By: Leizer Goldsmith
Last week's Supreme Court decision in Reeves v. Sanderson was primarily notable for the Court's clear statement that an older employee must be given his day in court to attempt to prove age discrimination to the jury, when younger persons were given his job after termination, and the company's explanations for its actions were arguably false. A big question remains, however, as to how fully the Court's decision will be enforced by the lower courts. As I discussed the decision with several prominent plaintiff-oriented discrimination attorneys last week, reaction was decidedly mixed. For sure, the Court's opinion stated emphatically that employees may prove discrimination without confessions or admissions by their employers. That point is indisputably central to vindicating the rights of employment discrimination victims. However, the Supreme Court's prior decision from 1993 had already made that point clear, and still many courts had ignored it. Will it be different this time?
For instance, the United States Court of Appeals for the Fourth Circuit, which covers parts of the mid-Atlantic region including Virginia and Maryland, had ruled despite the prior Supreme Court ruling, that discrimination cases should be dismissed if the proof was solely indirect. It seems to be a fair question whether that Court will truly change its approach to comply with the law, now that the Supreme Court has disagreed with it for a second time. Some of the pessimism on this subject can also be attributed to the Fourth Circuit's record of upholding summary judgment (dismissal) decisions by the lower court judges in virtually every discrimination case (over three hundred in all) brought to it over the past seven years.
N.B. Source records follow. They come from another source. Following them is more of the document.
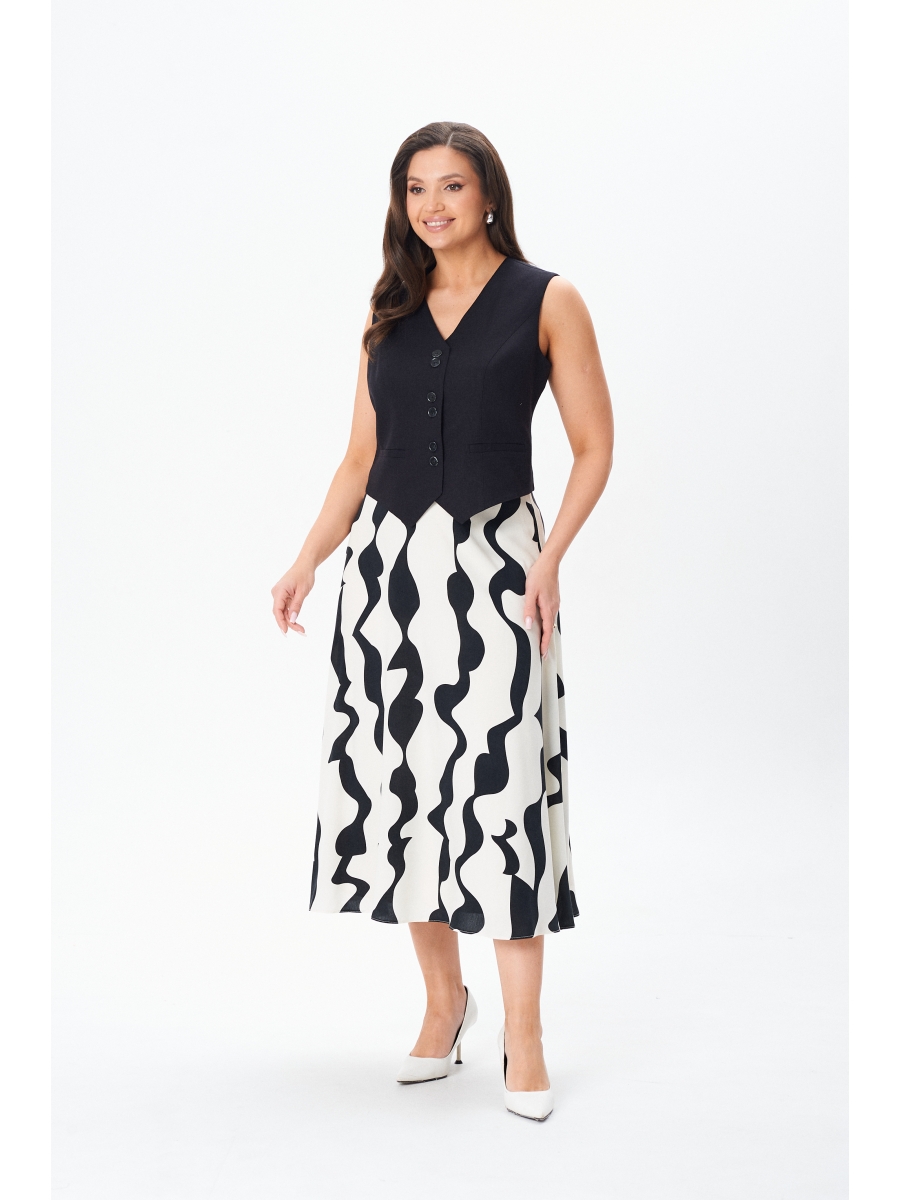 Юбка длиной миди. Силуэт свободный к низу расклешение. Пояс притачной. Карманы в боковых швах. Застёжка сзади на потайную молнию и пуговицу. Юбка на подкладке.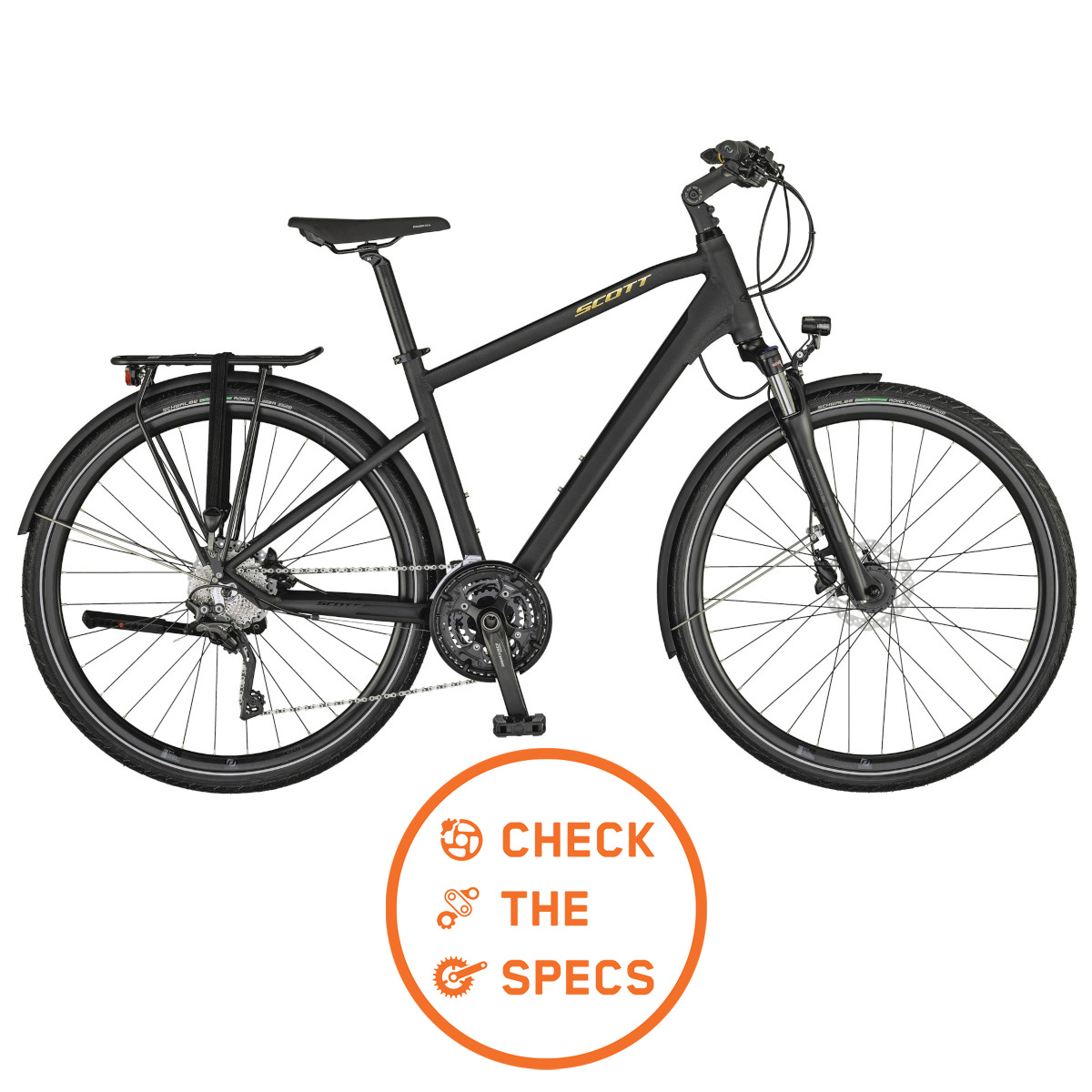 The SCOTT SUB Sport 20 offers a sporty trekking geometry for just any kind of trip, whether short or long. With Shimano 30-speed gears and a custom Racktime rack compatible with Snap’it accessories, this bike is literally burning for adventure.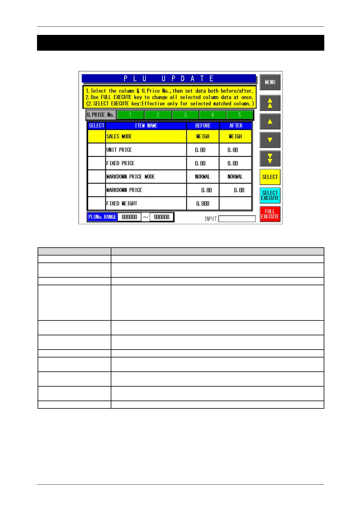 FULL EXECUTE Executes changes in “After” field for the selected items only to all PLU master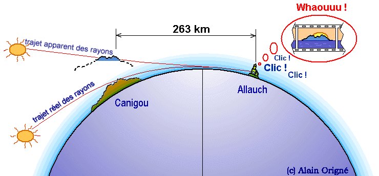 💡هل تعلم: أن جبل كانيجوCanigouبفرنسا والبالغ ارتفاعه 2785م يمكن مشاهدته أثناء غروب الشمس مرتين كل عام في بدايات شهر2ونهايات شهر10من مدينةألوشAllauchالتي تبعد عنه مسافة263كم؟ وأن جمعاً من الناس يحتفلون بهذا المشهد العجيب حيث يفترض عدم ظهوره حسب تكور الأرض؟

Some plaintiffs' attorneys privately suspect that in some of its written opinions in those cases, the Fourth Circuit incorrectly described the facts in order to justify a pro-management outcome. If that were true, it would be hard to see it changing just because of a new Supreme Court decision. There is similar speculation regarding the Fifth Circuit, which primarily covers Texas.
The Reeves decision included some other points that should be helpful to discrimination plaintiffs, if they are properly followed by the lower courts. For one, the Court implicitly, but strongly, criticized what has come to be known as the “stray remarks” doctrine. Under that rule, courts have prevented juries from considering racist or sexist remarks by proclaiming them irrelevant, if they were not made by the exact same person who fired or disciplined the employee, and were not made extremely close in time to the firing or discipline. Similarly, the Court implicitly called into question the concept– widely adopted by many courts– which holds that an employer which employs other older, minority or female workers, must be incapable of discriminating against other individuals within that group.
Without a doubt, Reeves gives employees a lot to cheer about. However, the Supreme Court reviews only a tiny fraction of all federal employment cases. The real impact of Reeves will be known only in the coming months, once the Courts of Appeals have decided other, similar cases based on the precedent created by Reeves. Those Americans concerned with employee rights and civil rights will be watching those upcoming decisions closely.